The news came in an exclusive interview with HSJ, in which the minister also revealed a desire to re-examine the role competition authorities have taken in the NHS following the 2012 Health Act.

Asked about the government’s plans to introduce criminal sanctions for failure to meet new fundamental standards of care, Mr Lamb said ministers were still working on their final response to the Francis report.

However, he added: “The powers to prosecute for what is essentially an offence of corporate neglect will apply to both the corporate body, or the NHS trust, or director.

“The problem we have had is that the regulatory system for holding organisations to account has been flawed from the start.

“In the past as long the organisation complied with a warning notice from the CQC they couldn’t be prosecuted. For me that has to change.

“The change we are making will apply to individual directors.”

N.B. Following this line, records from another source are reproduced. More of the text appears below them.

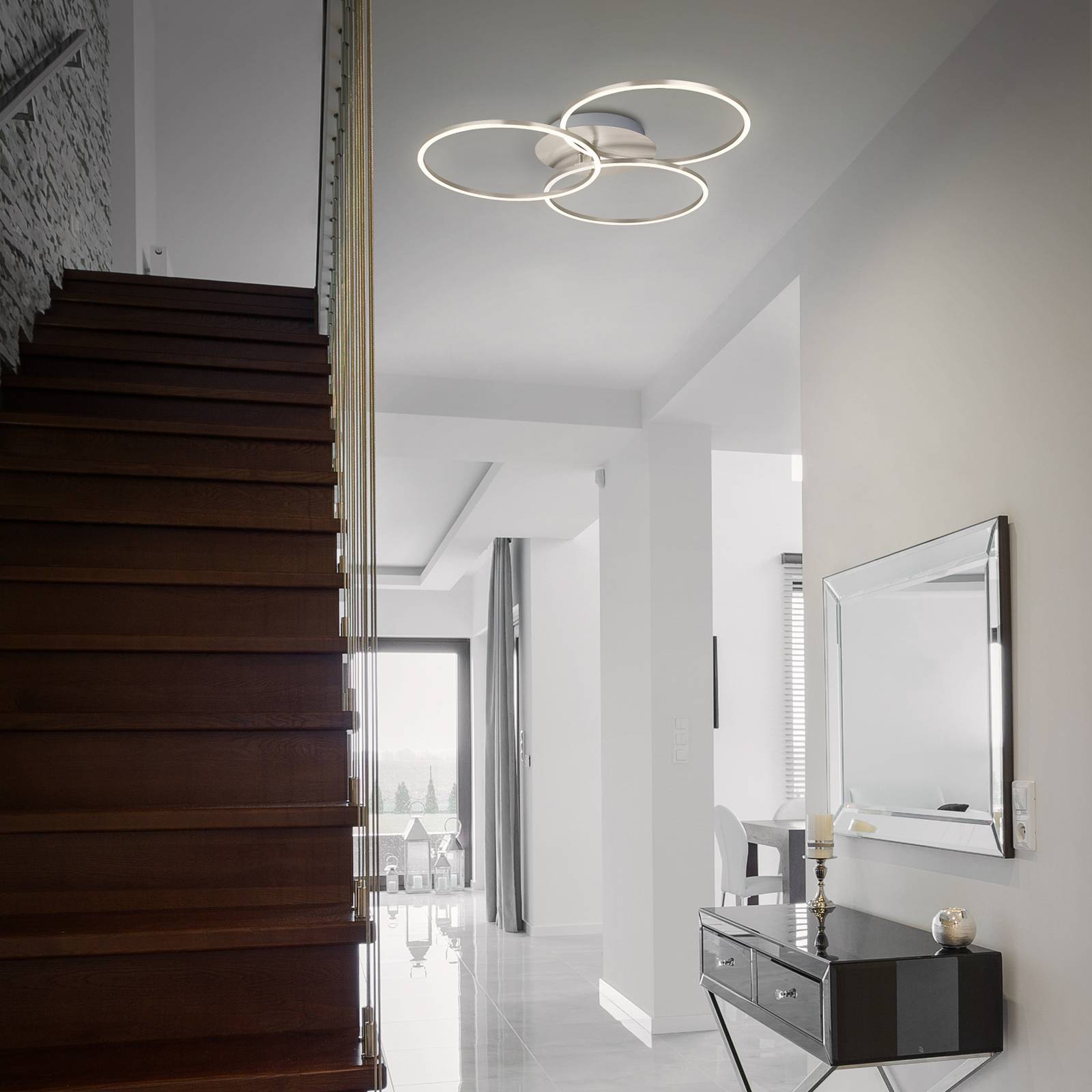 Briloner Stropní světlo Frame Ring Switch dim nikl 3 zdroje, Obývací pokoj / jídelna, kov, plast, 40W, P: 71.7 cm, L: 67.4 cm, K: 10.3cm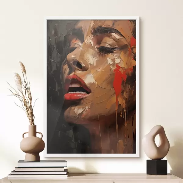 Poster Portrait féminin aux traits chaleureux et aux tons rouges Nr f47294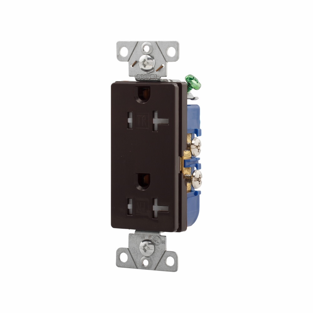 EATON TR1307B-BOX TR1307 Duplex Decorator Tamper-Resistant Straight Blade Receptacle, 125 VAC, 20 A, 2 Poles, 3 Wires, Brown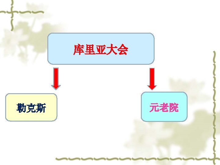 (3)元老院 Curia v v 300名氏族贵族组成 第一,有权讨论并提出 新的法律,交由库里亚 大会通过 ; 第二,媾和权; 第三,处理罗马的公共 事务 v v 300 aristocrats The power to discuss and propose the law The power to make peace Deal with the public affairs

On the role of the Office of Fair Trading and the Competition Commission in foundation trust mergers, he said: “This is an area that we have to look at to ensure we don’t have judgements made or investigations undertaken where there is a clear public interest in a merger taking place.”

He was concerned the increased involvement of the competition authorities could end up blocking the development of integrated care organisations.

“We need to look at it to make sure the rules work in a rational way,” he said.

Former minister and Mr Lamb’s Lib Dem colleague Paul Burstow told HSJ earlier this week that he believed the OFT and the Competition Commission were being “disproportionate” in their activity.

Mr Lamb said no final decision had been made on payment by results in mental health, but he had asked officials for information “on where we are at” with the project. “It is crucially important that we make the right judgement on this,” he continued.

“When you have the combination of the very powerful 18-week access target and the combination of PbR in the acute sector and not in mental health it has a massive distorting effect on where the money ends up in the health service.

“It encourages activity in the acute sector and, in my view, too much of the investment over the last decade has gone into the acute end of the system.”

Mr Lamb said the government was planning to publish new standards for mental health crisis care which would affect a trust’s CQC rating.

He said: “We want all the relevant organisations to sign-up to the standard of crisis care and to help them to account when the CQC starts to investigate mental health providers and rate them. If they aren’t delivering that standard of crisis care they would receive a poor rating.”